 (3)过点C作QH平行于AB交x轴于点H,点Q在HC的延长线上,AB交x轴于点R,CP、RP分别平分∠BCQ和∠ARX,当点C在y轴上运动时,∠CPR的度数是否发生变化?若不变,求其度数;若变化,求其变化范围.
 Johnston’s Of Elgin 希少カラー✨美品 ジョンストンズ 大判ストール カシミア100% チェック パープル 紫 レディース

---

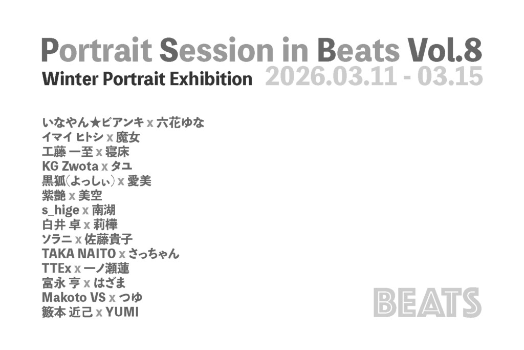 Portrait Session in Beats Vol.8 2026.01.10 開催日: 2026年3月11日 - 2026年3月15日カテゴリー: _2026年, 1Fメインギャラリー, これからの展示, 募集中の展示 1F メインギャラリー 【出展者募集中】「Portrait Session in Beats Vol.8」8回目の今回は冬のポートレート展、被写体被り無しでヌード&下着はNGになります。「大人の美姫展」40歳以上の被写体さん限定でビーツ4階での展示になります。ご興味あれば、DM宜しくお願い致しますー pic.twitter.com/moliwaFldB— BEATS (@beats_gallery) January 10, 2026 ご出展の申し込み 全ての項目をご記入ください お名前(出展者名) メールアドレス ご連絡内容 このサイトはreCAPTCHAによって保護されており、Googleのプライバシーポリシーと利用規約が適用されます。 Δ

* [WORK INSTRUCTION]: Write down again, exactly as given, only the lines above that fall from the line with "(3)过点C作QH平行于AB" to the line with "Johnston’s Of Elgin", inclusive.

* [SOLUTION TO THE PROBLEM]:
 (3)过点C作QH平行于AB交x轴于点H,点Q在HC的延长线上,AB交x轴于点R,CP、RP分别平分∠BCQ和∠ARX,当点C在y轴上运动时,∠CPR的度数是否发生变化?若不变,求其度数;若变化,求其变化范围.
 Johnston’s Of Elgin 希少カラー✨美品 ジョンストンズ 大判ストール カシミア100% チェック パープル 紫 レディース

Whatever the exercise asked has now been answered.